Now right click and hit Connect to get your ssh connect command to your instance. You might have to change the default root user to ec2-user.
Nextflow requires the AWS CLI to copy files such as input files and indices from and output files to S3.
Use the following lines to add it to your AMI:
sudo yum install -y bzip2 wget
wget https://repo.continuum.io/miniconda/Miniconda3-latest-Linux-x86_64.sh
bash Miniconda3-latest-Linux-x86_64.sh -b -f -p $HOME/miniconda
$HOME/miniconda/bin/conda install -c conda-forge -y awscli
rm Miniconda3-latest-Linux-x86_64.sh
# Test the installation
./miniconda/bin/aws --version
aws-cli/1.27.37 Python/3.10.8 Linux/4.14.296-222.539.amzn2.x86_64 botocore/1.29.37
Now you can go back to your EC2 instance dashboard and save your AMI by right clicking and going for Image -> Create Image.
Note: Don’t forget to terminate your running EC2 instance from which you created the AMI to get prevent any running EBS and EC2 costs.
First, we want to create a new compute environment upon which we can base job queues. For this, go to the AWS Batch dashboard -> Compute Environments.
First, we want to have a managed environment, so AWS Batch can do configuration and scaling for us. Now, we can name our compute environment. Then we simply select the service and instance roles as well as keypairs we created earlier in the prerequisite section, there should be only one option to choose from.
- Compute Environment
- Log in to AWS Batch
- Navigation menu: “Compute environments”

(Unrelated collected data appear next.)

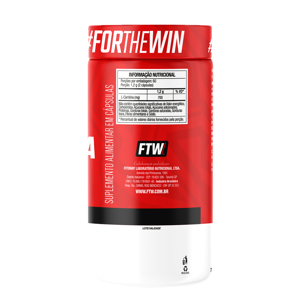 Descrição Completa do Produto L-Carnitina 700mg 120 Cápsulas - FTW O que é / Para que serve L-Carnitina 700mg da FTW é um suplemento alimentar em cápsulas composto por L-carnitina, um composto nitrogenado sintetizado a partir dos aminoácidos lisina e metionina. A L-carnitina está naturalmente presente no corpo humano, especialmente em tecidos que utilizam ácidos graxos como fonte de energia. Este suplemento é indicado para complementar a ingestão dessa substância em dietas com necessidades nutricionais específicas, especialmente voltadas à prática esportiva ou controle metabólico, conforme orientação profissional. Ingredientes L-Carnitina, estabilizantes (celulose microcristalina e amido), antiumectantes (dióxido de silício e fosfato tricálcico). Ingredientes da cápsula: Celulose, opacificante dióxido de titânio e água potável filtrada. NÃO CONTÉM GLÚTEN. Apresentação Pote com 120 cápsulas Porção: 2 cápsulas ao dia Rendimento: Cerca de 60 porções. Como Consumir Ingerir 2 cápsulas ao dia, preferencialmente junto às refeições, ou conforme orientação de nutricionista ou profissional da saúde. Informações Adicionais Produto indicado para maiores de 19 anos; Este produto não deve ser consumido por gestantes, lactantes e crianças; Mantenha fora do alcance de crianças; Não exceder a recomendação diária de consumo indicada na embalagem; Conservar em local seco e fresco, ao abrigo da luz e umidade; Após aberto consumir em até 90 dias; Este produto não é um medicamento. Certificação Suplemento alimentar dispensado de registro conforme Resolução RDC nº 240/2018. Alegações baseadas no Anexo V da IN 28 Anvisa.
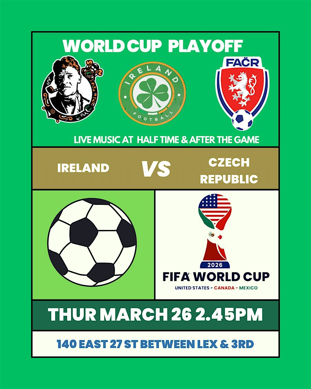 Experience the thrill in person as Ireland takes on Czech in this epic World Cup qualifying match. Live music before , after and at half time !
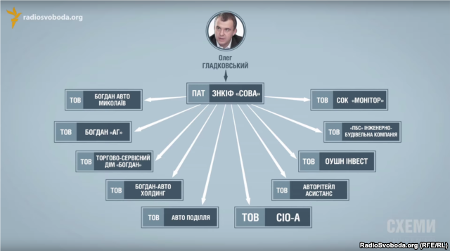 Крім того, Гладковський володіє фондом «Сова». Майже всі підприємства групи «Богдан», а ще – низка фірм, що займаються торгівлею автомобілів, підконтрольні саме «Сові». Загалом їх 10.
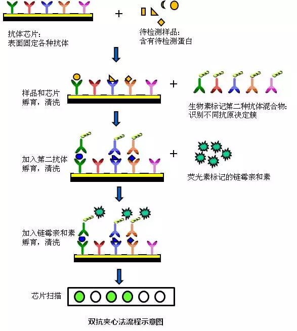 蛋白芯片属于微阵列芯片的一种。蛋白芯片技术的基本原理是将各种蛋白质有序地固定于滴定板、滤膜和载玻片等各种载体上成为检测用的芯片。然后,用标记了特定荧光抗菌素体的蛋白质或其他成分与芯片作用,经漂洗将未能与芯片上的蛋白质互补结合的成分洗去,再利用荧光扫描仪或激光共聚焦扫描技术,测定芯片上各点的荧光强度,通过荧光强度分析蛋白质与蛋白质之间相互作用的关系,由此达到测定各种蛋白质功能的目的。
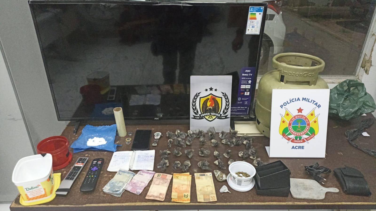 O quarteto visualizou a chegada da guarnição e tentou fugir da abordagem, adentrando em uma residência abandonada, mas os militares cercaram o local. Nada de ilícito foi localizado com eles, mas no interior da casa foram localizadas 32 trouxinhas de cocaína e dois tabletes de maconha, além da quantia de 194 reais.

- “Create a new compute environment”
- Select “Managed”
- Provide a name for the Compute Environment
- Service role AWSBatchServiceRole
- Instance role : attach name of role created in Step 1.4
- EC2 key pair: The key pair of the IAM user you intend to use for running AWS Batch jobs
- Select “on-demand” or “spot” (spot is cheaper)

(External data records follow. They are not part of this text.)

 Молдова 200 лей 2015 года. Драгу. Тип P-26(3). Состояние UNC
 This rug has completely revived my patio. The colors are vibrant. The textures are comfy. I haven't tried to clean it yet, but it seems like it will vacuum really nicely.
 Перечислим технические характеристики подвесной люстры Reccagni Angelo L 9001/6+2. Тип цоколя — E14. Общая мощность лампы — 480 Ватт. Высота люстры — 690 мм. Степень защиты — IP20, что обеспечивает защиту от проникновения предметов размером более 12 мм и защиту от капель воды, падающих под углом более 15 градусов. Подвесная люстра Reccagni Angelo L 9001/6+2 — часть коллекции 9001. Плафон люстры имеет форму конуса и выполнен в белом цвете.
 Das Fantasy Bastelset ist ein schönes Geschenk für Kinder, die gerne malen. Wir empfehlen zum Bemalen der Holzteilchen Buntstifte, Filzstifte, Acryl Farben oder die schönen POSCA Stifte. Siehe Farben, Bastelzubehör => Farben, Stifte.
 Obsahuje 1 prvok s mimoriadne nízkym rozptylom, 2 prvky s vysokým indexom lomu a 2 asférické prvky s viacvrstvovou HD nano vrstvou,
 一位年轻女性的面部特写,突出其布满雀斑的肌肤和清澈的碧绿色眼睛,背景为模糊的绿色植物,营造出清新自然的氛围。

- Select Maximum Price you’re willing to pay for spot instances
- Spot fleet role AmazonEC2SpotFleetRole
- Enable user-specified AMI id ( amazon linux machine 2) and provide the AMI id you created at step 2.5
- If desired, attach a Key/Value pair to make it possible to later generate
Now we need to create a job queue and associated this with our compute environment. This step is actually pretty easy and straightforward.
Next we need to create a queue where Nextflow can submit jobs to the compute environment. Navigate to the Batch service on the AWS management console and select Job queues and Create queue.
Enter the name of the queue (this will be needed later in nextflow) and give it a priority. A priority of 1 means that jobs submitted to the compute environment via this queue will have priority over jobs submitted via a queue with a lower priority. This does not matter if you only have 1 queue using the compute environment but if you have multiple queues you can define their priorities. Finally in the dropdown box select the compute environment we created in the previous section and click Create job queue.
Nextflow can use S3 buckets to store and access data. Go to the S3 service under the AWS management console and select Create bucket. Name the bucket (will be used in the nextflow configuration) and select the appropriate region where you have configured everything else and select Create bucket.
There are a few parameters that need to be added to the Nextflow config in order to use the AWS Batch environment we created.
Specify your credentials in the Nextflow configuration file
aws {
accessKey = ''
secretKey = ''
region = 'ap-south-1'
batch.cliPath = '/home/ec2-user/miniconda/bin/aws'
}
process {
withName: FASTQC {
executor = 'awsbatch'
queue = 'nextflow-job-queue'
container = 'staphb/fastqc:latest'
}
}
workDir = 's3://bix-nf-bucket/workDir/'
Nextflow does not require any installation procedure, just download the distribution package by copying and pasting this command in your terminal:
curl -fsSL https://get.nextflow.io | bash
It creates the nextflow executable file in the current directory. You may want to move it to a folder accessible from your $PATH.
nextflow run https://github.com/Ankita-1211/integration-aws-batch-nextflow.git -r main -c nextflow.config --input_dir s3://testing-nf-integration/input/ --output_dir s3://testing-nf-integration/output/
Note: the aws credentials need to be added to the nextflow.config file.